▶ GIVEN MATERIAL
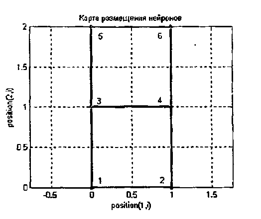 Это означает, что векторы входов 1 и 2 отнесены к кластеру с номером 2, векторы 3-6 - к кластеру 1, векторы 7-8 - к кластеру 4, векторы 9-10 - к кластеру 6, а векторы 11-12 - к кластеру 5. Номер кластера на рисунке соответствует номеру соответствующего нейрона на карте Кохонена.
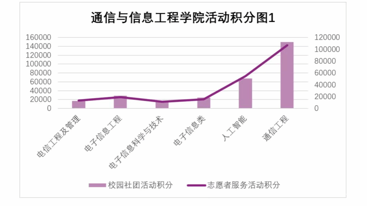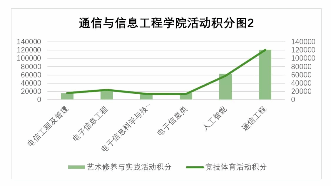 根据图表数据显示,通信与信息工程学院各专业学生在校园社团活动和志愿者服务活动中的参与情况呈现明显差异。其中,通信工程专业学生在校园社团活动中的表现尤为突出,积分总量超过140,000分,显著高于其他专业;而人工智能专业则在志愿者服务活动中表现优异。除通信工程专业外,其余各专业在这两类活动中的学分获取情况基本持平。而人工智能专业则展现出更强的志愿服务倾向,而其他专业在活动参与方面相对均衡。
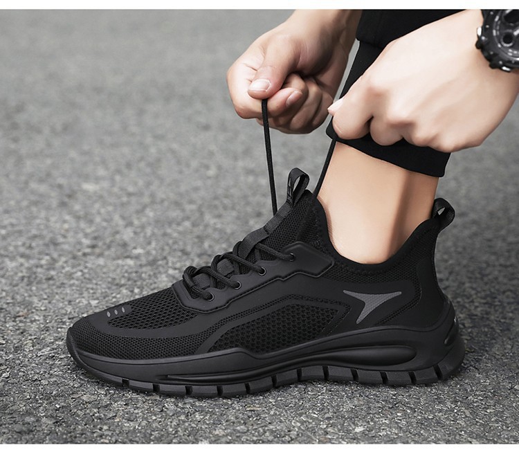 Cross-Border sepatu jala bernapas pria, sneaker olahraga lari kasual jala, perlindungan tenaga kerja hitam musim panas

▶ WHAT THE EXERCISE ASKS
Give the listing again, exactly as it appears, but without its images.

▶ RESULT FOR THIS TASK
 Это означает, что векторы входов 1 и 2 отнесены к кластеру с номером 2, векторы 3-6 - к кластеру 1, векторы 7-8 - к кластеру 4, векторы 9-10 - к кластеру 6, а векторы 11-12 - к кластеру 5. Номер кластера на рисунке соответствует номеру соответствующего нейрона на карте Кохонена.
 根据图表数据显示,通信与信息工程学院各专业学生在校园社团活动和志愿者服务活动中的参与情况呈现明显差异。其中,通信工程专业学生在校园社团活动中的表现尤为突出,积分总量超过140,000分,显著高于其他专业;而人工智能专业则在志愿者服务活动中表现优异。除通信工程专业外,其余各专业在这两类活动中的学分获取情况基本持平。而人工智能专业则展现出更强的志愿服务倾向,而其他专业在活动参与方面相对均衡。
 Cross-Border sepatu jala bernapas pria, sneaker olahraga lari kasual jala, perlindungan tenaga kerja hitam musim panas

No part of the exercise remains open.